Start of Block

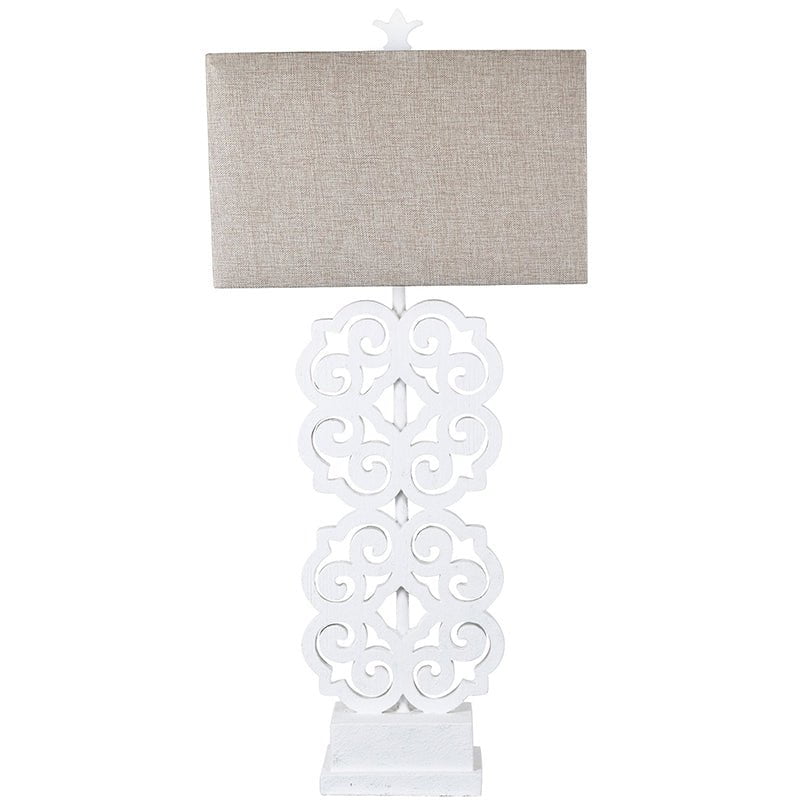 The Fleming Table Lamp is the perfect addition to your living space. Made of a durable resin material and a beige and white fabric shade, this lamp brings a classic look with modern appeal. The subtle beige and white tones add style and sophistication, while the sturdy construction ensures lasting enjoyment. With its timeless design, this lamp is sure to be a standout in any room.
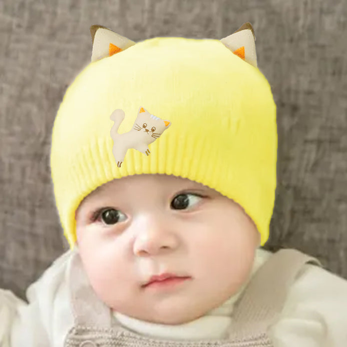 - Fashion Hats Cat Aplic Yellow Rabbit Fur Warm Cap 10588-A
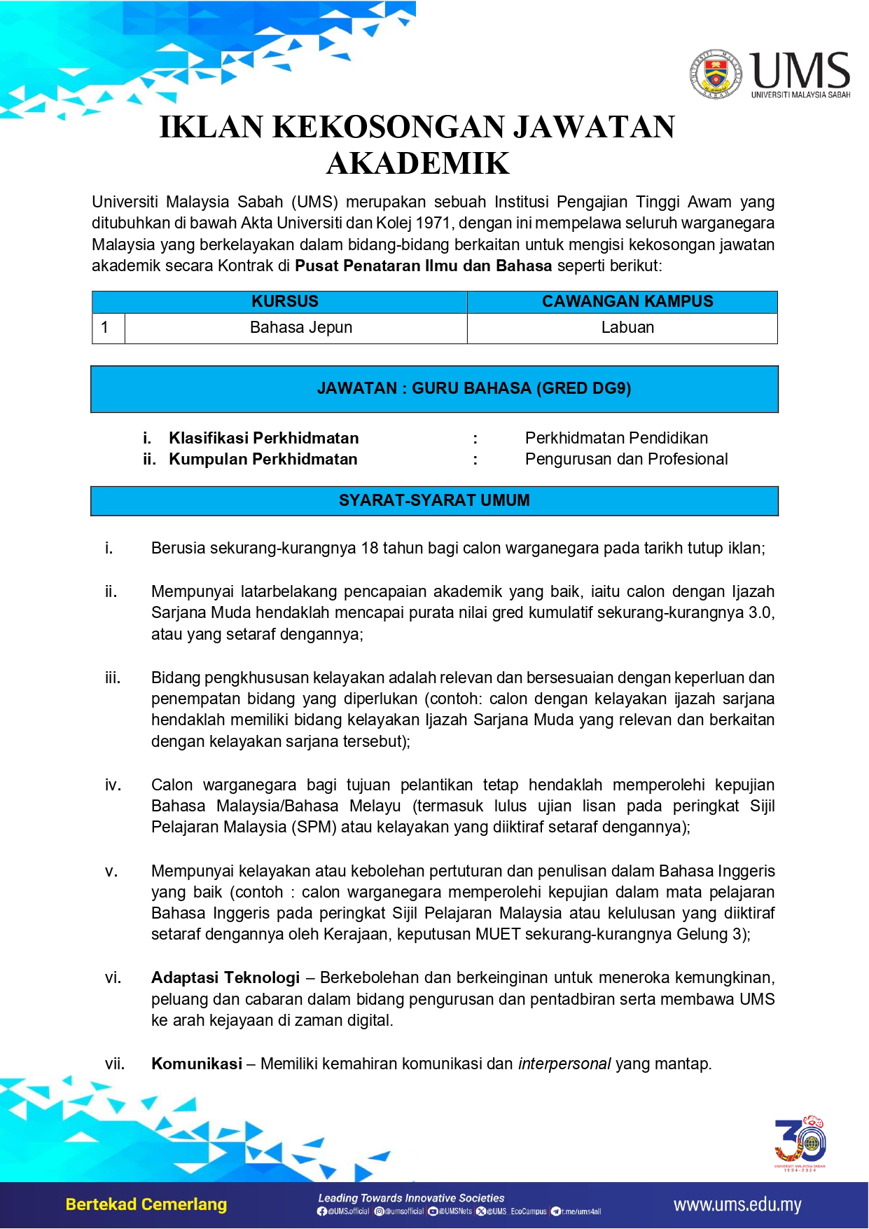 Iklan Pengambilan Jawatan Kakitangan Akademik (Bahasa Jepun) PPIB Kampus Antarabangsa Labuan
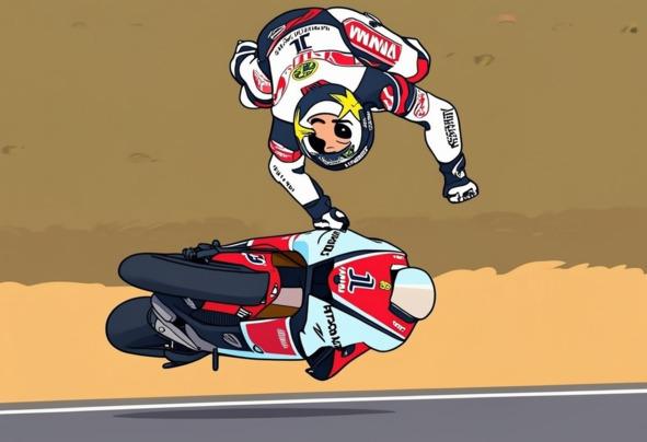 В начале Мрак действительно двигался круг за кругом, соблюдая все правила. Но потом в его голове что-то перещёлкнуло и он стал увеличивать скорость. Плавно, но настойчиво. «Курсант Мрак вы нарушаете инструкции» — услышал он голос ЭльМариачи в наушнике. Но рука сама продолжила поворот ручки акселератора. И вот довольно крутой поворот на 90 градусов, который он спокойно проходил на медленной скорости. Мотоцикл как будто подменили, он стал упругим и непослушным. Мрак пытался повернуть руль в поворот, но тот вырывался и возвращался обратно. По спине прокатилась холодная волна страха. Мрак увидел, как приближается край дороги, и стал тормозить. Он делал это плавно, как рассказывал инструктор, но стало только хуже. Байк совсем распрямился. Мрак с ужасом смотрел на ограждение трассы и понимал, что падение неизбежно!
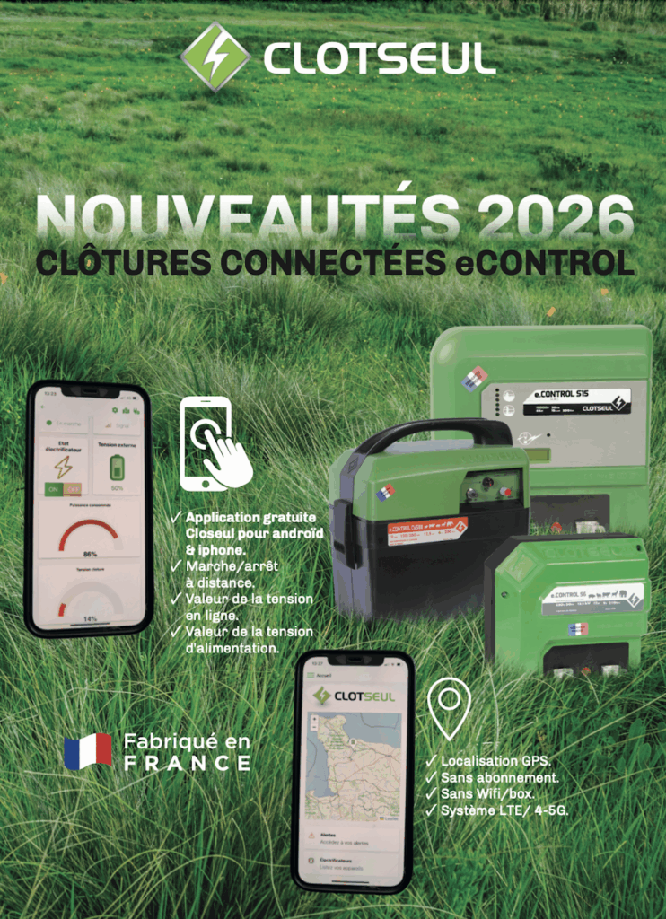 Première entreprise Française de fabrication d’électrificateurs de clôture électrique, dès 1938, la marque CLOTSEUL, propriété de CHAPRON LEMENAGER SAS, a toujours été reconnue pour l’immense fiabilité de ses postes de clôture. En 2026 CLOTSEUL fait un pas en avant vers la modernité exigée des éleveurs, en proposant quatre électrificateurs de clôture électrique dotés d’une connexion via une application dédiée permettant à l’éleveur de piloter à distance une totale une et même de plusieurs clôtures électriques.
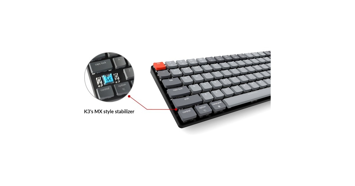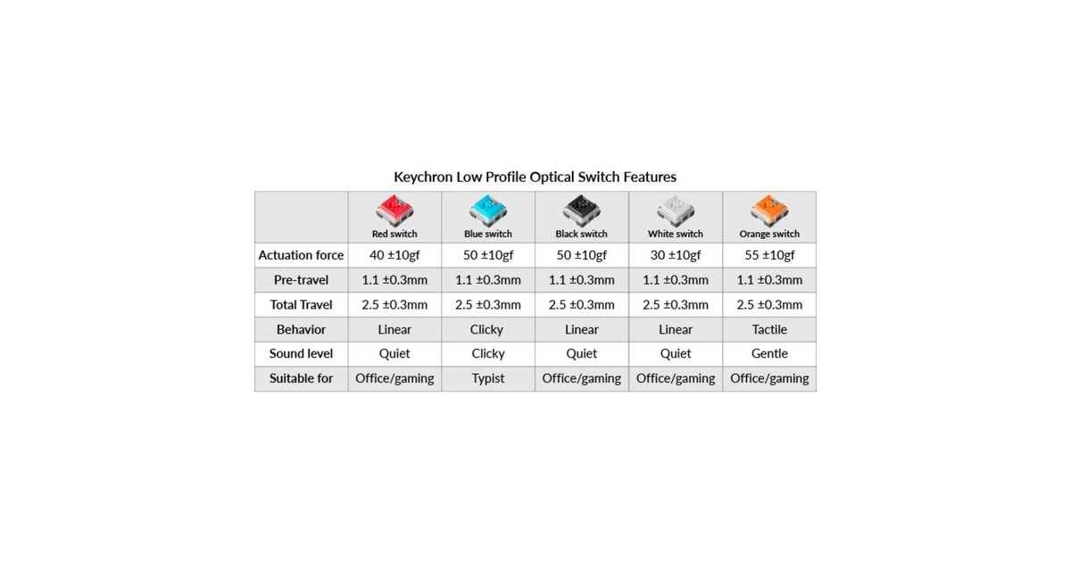 | Hinweis | Die Keychron Low Profile Optical Switch Tastatur ist NICHT mit herkömmlichen mechanischen Schaltern im MX-Stil kompatibel. |
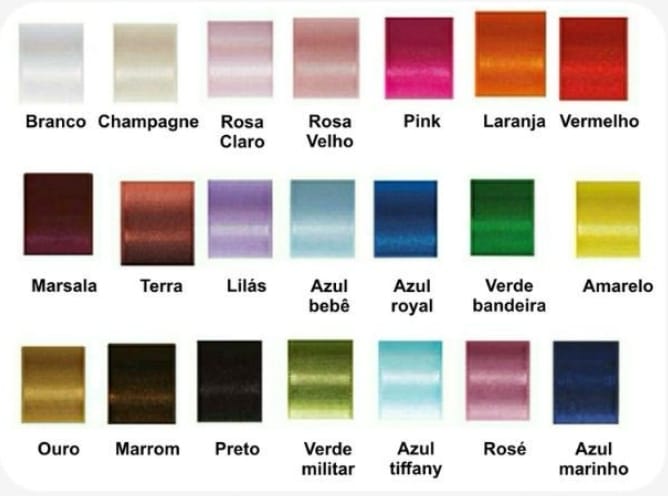 Escolha sua cor a partir desta tabela abaixo - temos mais cores disponíveis
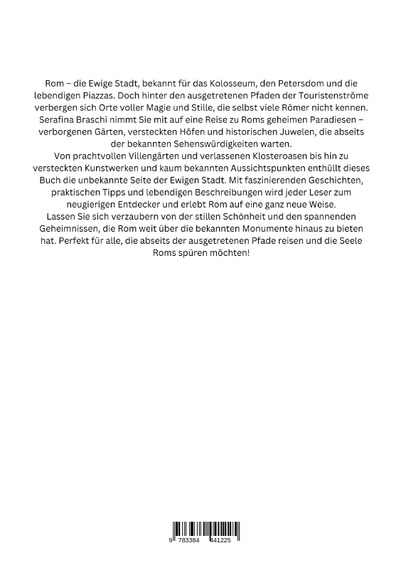 Rom - die Ewige Stadt, bekannt für das Kolosseum, den Petersdom und die lebendigen Piazzas. Doch hinter den ausgetretenen Pfaden der Touristenströme verbergen sich Orte voller Magie und Stille, die selbst viele Römer nicht kennen. Serafina Braschi nimmt Sie mit auf eine Reise zu Roms geheimen Paradiesen - verborgenen Gärten, versteckten Höfen und historischen Juwelen, die abseits der bekannten Sehenswürdigkeiten warten.Von prachtvollen Villengärten und verlassenen Klosteroasen bis hin zu versteckten Kunstwerken und kaum bekannten Aussichtspunkten enthüllt dieses Buch die unbekannte Seite der Ewigen Stadt. Mit faszinierenden Geschichten, praktischen Tipps und lebendigen Beschreibungen wird jeder Leser zum neugierigen Entdecker und erlebt Rom auf eine ganz neue Weise.Lassen Sie sich verzaubern von der stillen Schönheit und den spannenden Geheimnissen, die Rom weit über die bekannten Monumente hinaus zu bieten hat. Perfekt für alle, die abseits der ausgetretenen Pfade reisen und die Seele Roms spüren möchten!
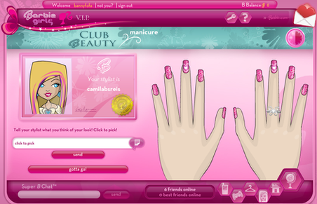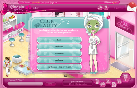 Club Beauty was one of the two original V.I.P. only places and it was one of the main seeling points of V.I.P. memberships and MP3 players, and it was one of the most unique things to do at the website and that helped make it so popular. Based on popular web games to do makeup and manicure, Club Beauty applied that to other players, where players could to makeovers or receive from others. The options were: hair, makeup, manicure, pedicure. there were 9 exclusive hairstyles from Club Beauty that players could keep until they changed their hair, same with the exclusive eyes and lips. The manicure and pedicure could not be seen after nor did the accesories added. Players could also give some feedback on the looks they received.
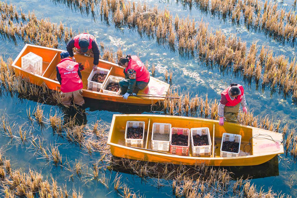12月26日,在潜江市龙湾镇郑家湖四季有虾养殖基地,“潜江龙虾”冬捕活动正式启动。(湖北日报全媒记者 任勇 摄)
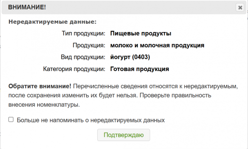 | Примечание. 1. Если категория продукции «Не указано»/«Не классифицировано», то при изменении такой номенклатуры возможно изменить категорию и задать качественные характеристики для молочной продукции.
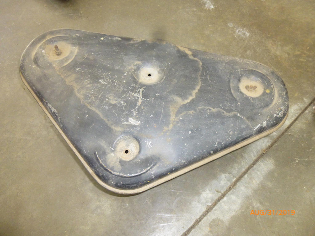 Very nice original and complete air cleaner. One flaw I found is a slight crease at the scratch on top that I have pictured.

End of Block

Aim of the task: Where a record above holds a picture, drop the picture and print the rest exactly.

Task result:
 The Fleming Table Lamp is the perfect addition to your living space. Made of a durable resin material and a beige and white fabric shade, this lamp brings a classic look with modern appeal. The subtle beige and white tones add style and sophistication, while the sturdy construction ensures lasting enjoyment. With its timeless design, this lamp is sure to be a standout in any room.
 - Fashion Hats Cat Aplic Yellow Rabbit Fur Warm Cap 10588-A
 Iklan Pengambilan Jawatan Kakitangan Akademik (Bahasa Jepun) PPIB Kampus Antarabangsa Labuan
 В начале Мрак действительно двигался круг за кругом, соблюдая все правила. Но потом в его голове что-то перещёлкнуло и он стал увеличивать скорость. Плавно, но настойчиво. «Курсант Мрак вы нарушаете инструкции» — услышал он голос ЭльМариачи в наушнике. Но рука сама продолжила поворот ручки акселератора. И вот довольно крутой поворот на 90 градусов, который он спокойно проходил на медленной скорости. Мотоцикл как будто подменили, он стал упругим и непослушным. Мрак пытался повернуть руль в поворот, но тот вырывался и возвращался обратно. По спине прокатилась холодная волна страха. Мрак увидел, как приближается край дороги, и стал тормозить. Он делал это плавно, как рассказывал инструктор, но стало только хуже. Байк совсем распрямился. Мрак с ужасом смотрел на ограждение трассы и понимал, что падение неизбежно!
 Première entreprise Française de fabrication d’électrificateurs de clôture électrique, dès 1938, la marque CLOTSEUL, propriété de CHAPRON LEMENAGER SAS, a toujours été reconnue pour l’immense fiabilité de ses postes de clôture. En 2026 CLOTSEUL fait un pas en avant vers la modernité exigée des éleveurs, en proposant quatre électrificateurs de clôture électrique dotés d’une connexion via une application dédiée permettant à l’éleveur de piloter à distance une totale une et même de plusieurs clôtures électriques.
 | Hinweis | Die Keychron Low Profile Optical Switch Tastatur ist NICHT mit herkömmlichen mechanischen Schaltern im MX-Stil kompatibel. |
 Escolha sua cor a partir desta tabela abaixo - temos mais cores disponíveis
 Rom - die Ewige Stadt, bekannt für das Kolosseum, den Petersdom und die lebendigen Piazzas. Doch hinter den ausgetretenen Pfaden der Touristenströme verbergen sich Orte voller Magie und Stille, die selbst viele Römer nicht kennen. Serafina Braschi nimmt Sie mit auf eine Reise zu Roms geheimen Paradiesen - verborgenen Gärten, versteckten Höfen und historischen Juwelen, die abseits der bekannten Sehenswürdigkeiten warten.Von prachtvollen Villengärten und verlassenen Klosteroasen bis hin zu versteckten Kunstwerken und kaum bekannten Aussichtspunkten enthüllt dieses Buch die unbekannte Seite der Ewigen Stadt. Mit faszinierenden Geschichten, praktischen Tipps und lebendigen Beschreibungen wird jeder Leser zum neugierigen Entdecker und erlebt Rom auf eine ganz neue Weise.Lassen Sie sich verzaubern von der stillen Schönheit und den spannenden Geheimnissen, die Rom weit über die bekannten Monumente hinaus zu bieten hat. Perfekt für alle, die abseits der ausgetretenen Pfade reisen und die Seele Roms spüren möchten!
 Club Beauty was one of the two original V.I.P. only places and it was one of the main seeling points of V.I.P. memberships and MP3 players, and it was one of the most unique things to do at the website and that helped make it so popular. Based on popular web games to do makeup and manicure, Club Beauty applied that to other players, where players could to makeovers or receive from others. The options were: hair, makeup, manicure, pedicure. there were 9 exclusive hairstyles from Club Beauty that players could keep until they changed their hair, same with the exclusive eyes and lips. The manicure and pedicure could not be seen after nor did the accesories added. Players could also give some feedback on the looks they received.
12月26日,在潜江市龙湾镇郑家湖四季有虾养殖基地,“潜江龙虾”冬捕活动正式启动。(湖北日报全媒记者 任勇 摄)
 | Примечание. 1. Если категория продукции «Не указано»/«Не классифицировано», то при изменении такой номенклатуры возможно изменить категорию и задать качественные характеристики для молочной продукции.
 Very nice original and complete air cleaner. One flaw I found is a slight crease at the scratch on top that I have pictured.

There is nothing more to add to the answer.